------ Records
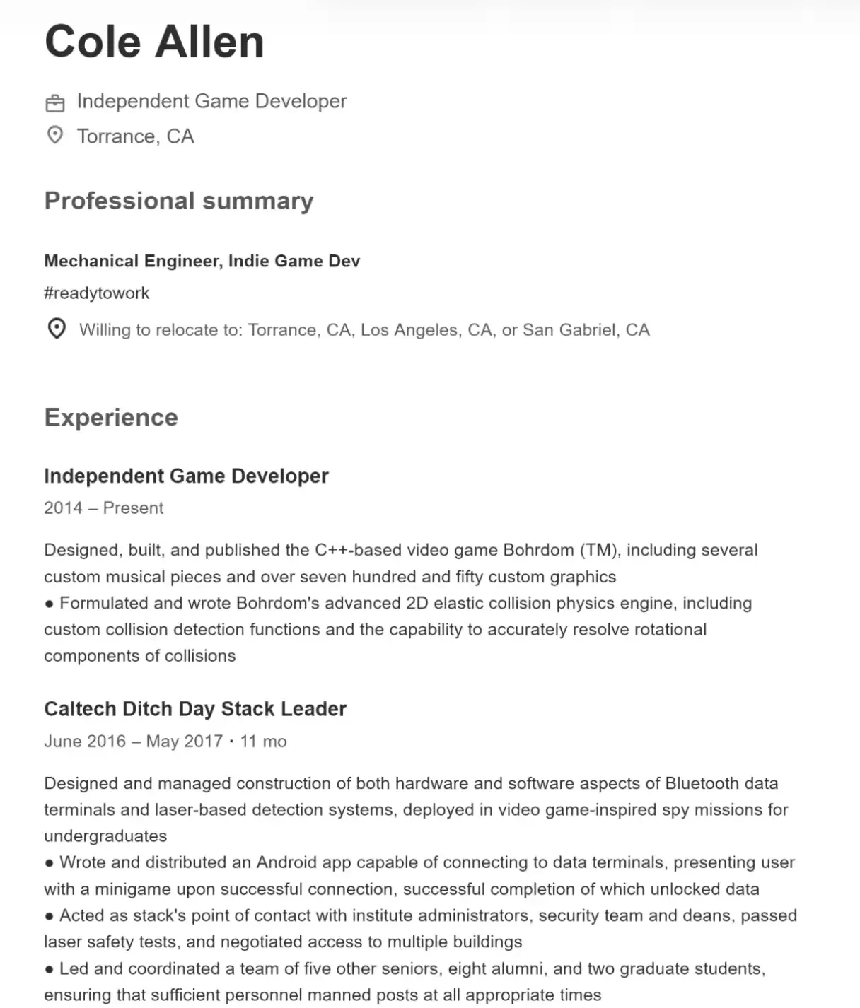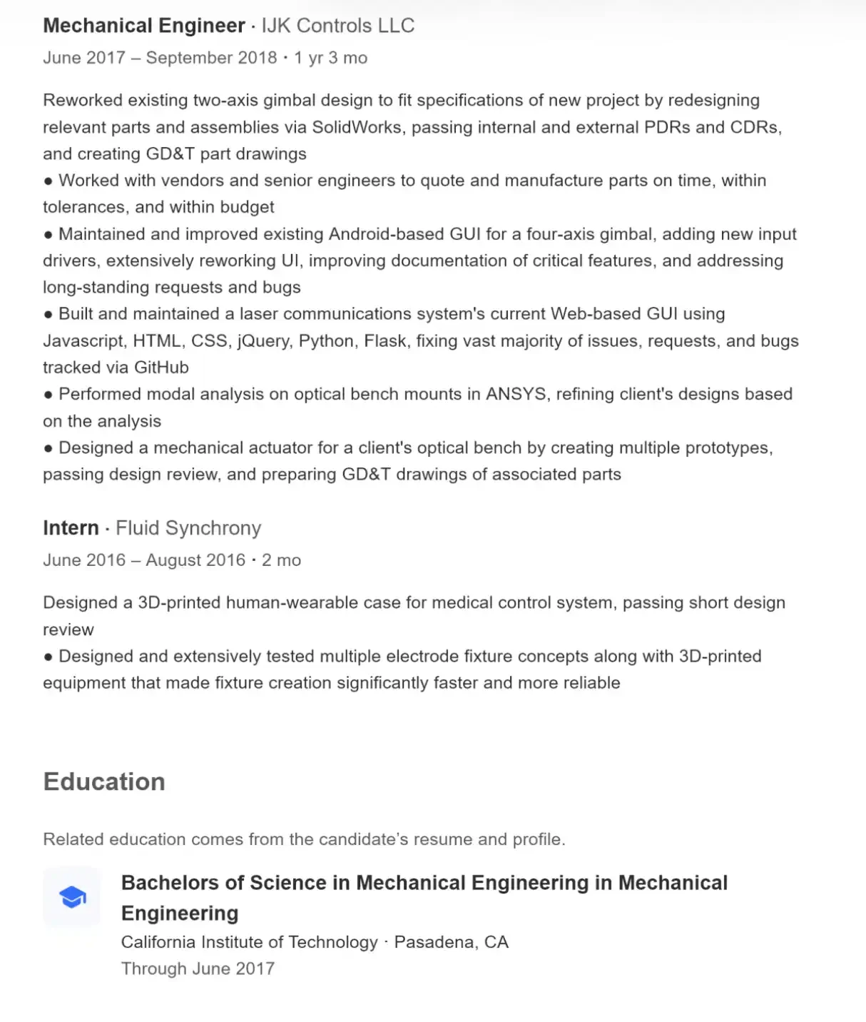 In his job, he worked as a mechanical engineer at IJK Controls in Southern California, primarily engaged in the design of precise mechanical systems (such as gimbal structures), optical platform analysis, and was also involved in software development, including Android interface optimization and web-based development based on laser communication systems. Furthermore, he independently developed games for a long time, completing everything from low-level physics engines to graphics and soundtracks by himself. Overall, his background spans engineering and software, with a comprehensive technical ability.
------------
------ Records
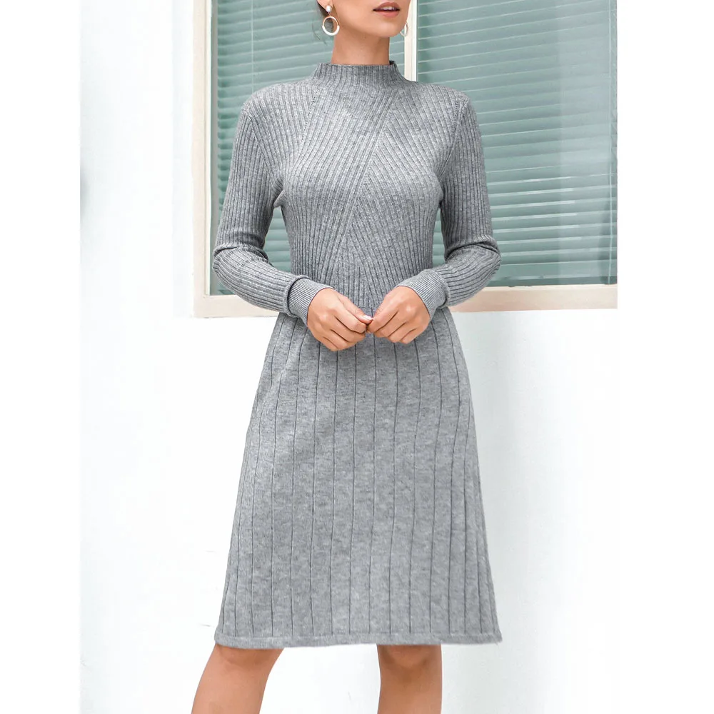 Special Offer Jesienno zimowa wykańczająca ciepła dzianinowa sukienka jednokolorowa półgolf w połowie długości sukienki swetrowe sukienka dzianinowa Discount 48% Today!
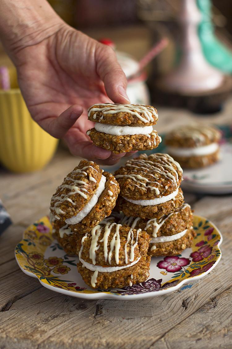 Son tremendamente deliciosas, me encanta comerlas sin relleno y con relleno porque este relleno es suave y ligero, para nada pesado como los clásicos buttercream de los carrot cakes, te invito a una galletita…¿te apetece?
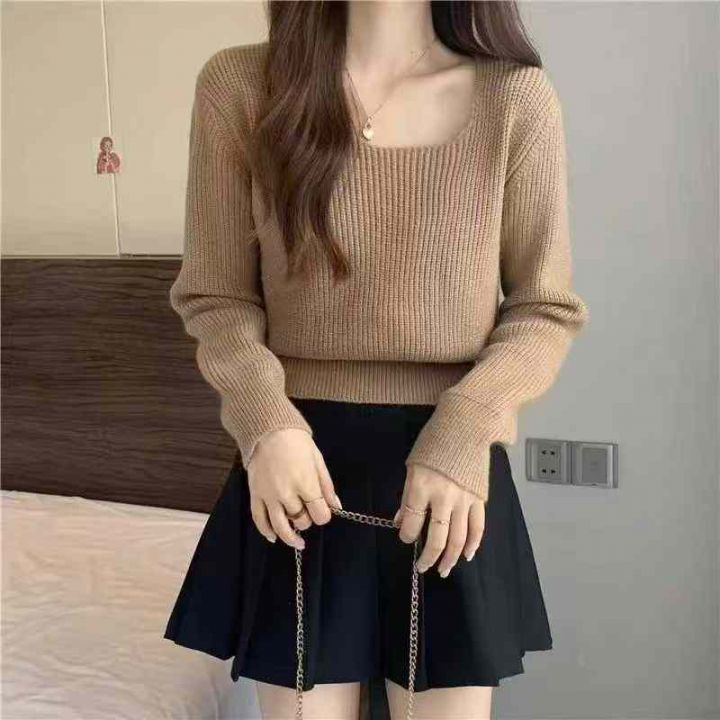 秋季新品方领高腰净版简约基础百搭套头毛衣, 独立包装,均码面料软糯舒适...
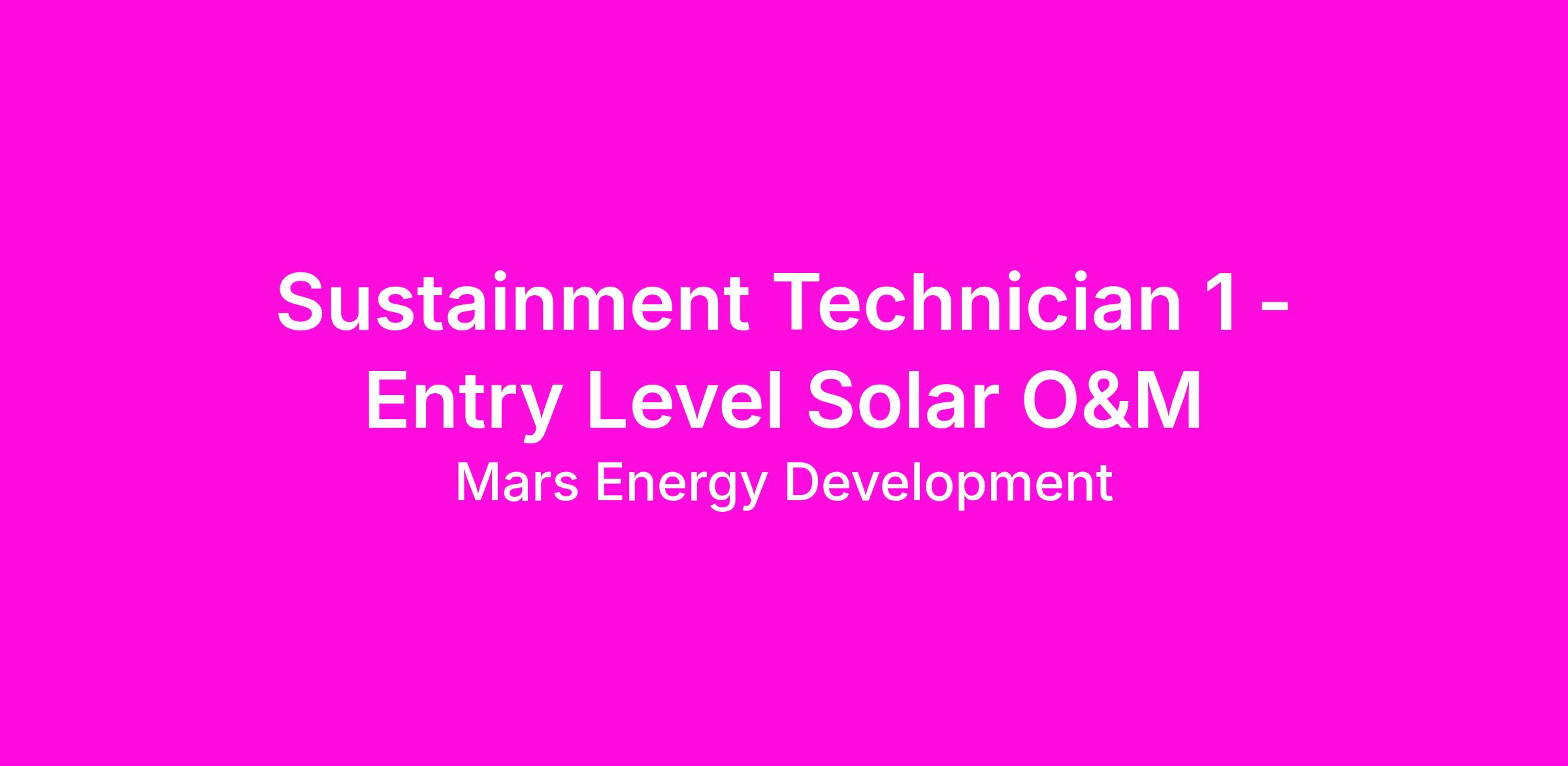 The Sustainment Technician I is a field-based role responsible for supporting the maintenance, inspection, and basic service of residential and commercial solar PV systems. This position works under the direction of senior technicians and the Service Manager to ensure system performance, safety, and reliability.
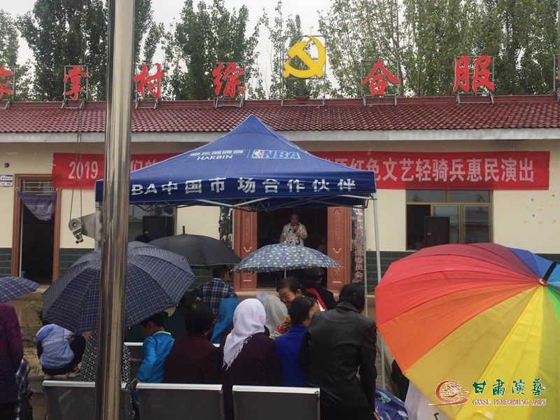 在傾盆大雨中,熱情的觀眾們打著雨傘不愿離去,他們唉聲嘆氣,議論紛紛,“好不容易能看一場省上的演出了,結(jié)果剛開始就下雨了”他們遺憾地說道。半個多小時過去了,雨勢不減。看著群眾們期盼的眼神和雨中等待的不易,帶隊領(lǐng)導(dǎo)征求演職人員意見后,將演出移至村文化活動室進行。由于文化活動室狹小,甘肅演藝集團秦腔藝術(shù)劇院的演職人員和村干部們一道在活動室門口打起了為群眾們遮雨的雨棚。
------------
**Task item**:
In the listing above, find the line with "Son tremendamente deliciosas, me" and the line with "在傾盆大雨中,熱情的觀眾們打". Transcribe those two and everything between, exactly, leaving out pictures.

**Answer space**:
 Son tremendamente deliciosas, me encanta comerlas sin relleno y con relleno porque este relleno es suave y ligero, para nada pesado como los clásicos buttercream de los carrot cakes, te invito a una galletita…¿te apetece?
 秋季新品方领高腰净版简约基础百搭套头毛衣, 独立包装,均码面料软糯舒适...
 The Sustainment Technician I is a field-based role responsible for supporting the maintenance, inspection, and basic service of residential and commercial solar PV systems. This position works under the direction of senior technicians and the Service Manager to ensure system performance, safety, and reliability.
 在傾盆大雨中,熱情的觀眾們打著雨傘不愿離去,他們唉聲嘆氣,議論紛紛,“好不容易能看一場省上的演出了,結(jié)果剛開始就下雨了”他們遺憾地說道。半個多小時過去了,雨勢不減。看著群眾們期盼的眼神和雨中等待的不易,帶隊領(lǐng)導(dǎo)征求演職人員意見后,將演出移至村文化活動室進行。由于文化活動室狹小,甘肅演藝集團秦腔藝術(shù)劇院的演職人員和村干部們一道在活動室門口打起了為群眾們遮雨的雨棚。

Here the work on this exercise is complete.